3. Requirements Analysis for a Learning Analytics
Metadata Schema

Metadata describe objects, they provide administrative information on rights and property rights and describe the structure of an object, which is particularly important when there are several files. Metadata are still essential when search engines seek for data sets or people want to understand the data. Hence, they are still an elementary part of the FAIR principles to make data findable, accessible, interoperable, and reusable.13 Library infrastructure takes up these principles and plays an important role to adopt the metadata and give access to the information.14 In the following, we show the results of a literature review, with the aim to determine peculiarities that are to be developed for the learning analytics metadata schema and especially for the collaborative learning of programming languages. This will be incorporated into a research data repository later on in the project.

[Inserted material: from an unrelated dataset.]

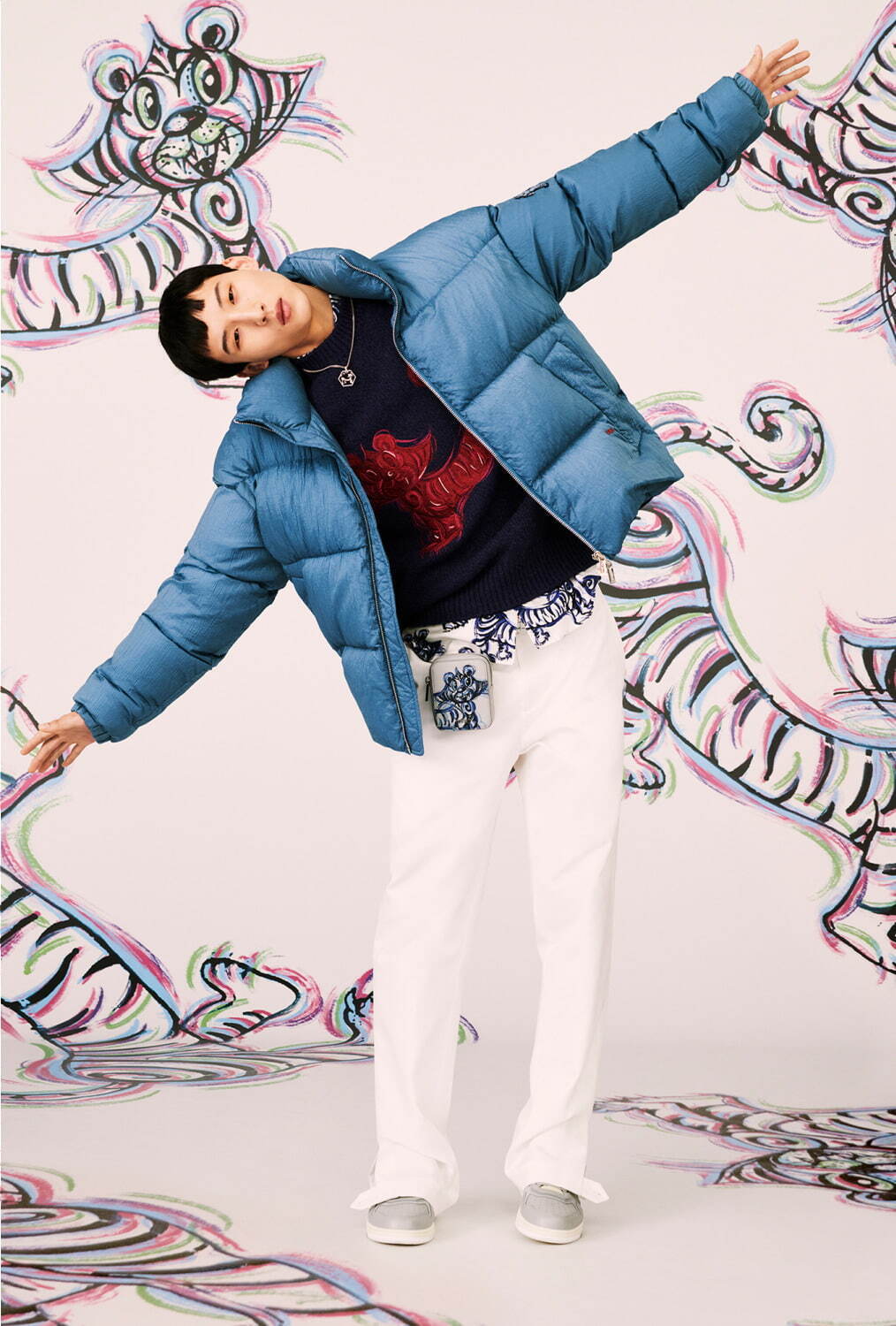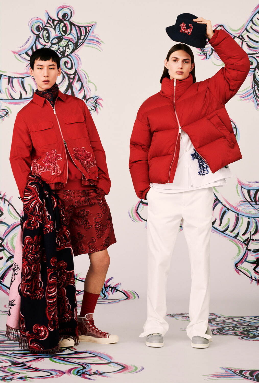 在DIOR×Kenny Scarf中国新年限定系列中,虎图腾少了一丝威猛,但是多了一些俏皮和欢悦。它以印花、刺绣乃至贴饰的形式,点缀在衬衫、针织衫、牛仔裤及羽绒服上。除了中国文化中象征吉祥的红色,蓝色和白色也成了DIOR虎年限定的重要色彩。

3.1. Requirement Analysis from Literature Survey

We executed a literature review along the same methodology used in Hawlitschek et al.15 They
have a quite similar research interest (the analysis of pair programming or collaborative programming
scenarios in higher education), but from a didactical point of view, while we were looking from the information technical side and with a specific focus on metadata. The search was carried out in databases for sociology and computer science – Web of Science, ScienceDirect, ACM Digital Library, IEEE Xplore, Springer-Link, WorldCat, JSTOR, Fachportal Pädagogik and SocioHub. Criteria for database search were the keywords “pair programming” or “pair-programming” and “collaboration” or “cooperation” in abstracts, titles and keywords. The finding period was limited to the years between 2010 and 2020 and only full text paper have been considered from studies within the higher education context. To identify requirements for a metadata schema, we took the corpus of 61 articles (see Appendix) and examined it regarding the question how the learning analytics data are collected, and which methods are used for data collection. This means on the one hand, which measuring instruments are used, and on the other hand, how researchers collect the data in detail. The last one includes the number of attributes measured and for the measurement instrument questionnaire, what scales are used. Furthermore, we examined the computations within the articles to get an idea how data are generated and predictions are made by the researchers. The analysis of the corpus was executed by hand for all relevant criteria described above.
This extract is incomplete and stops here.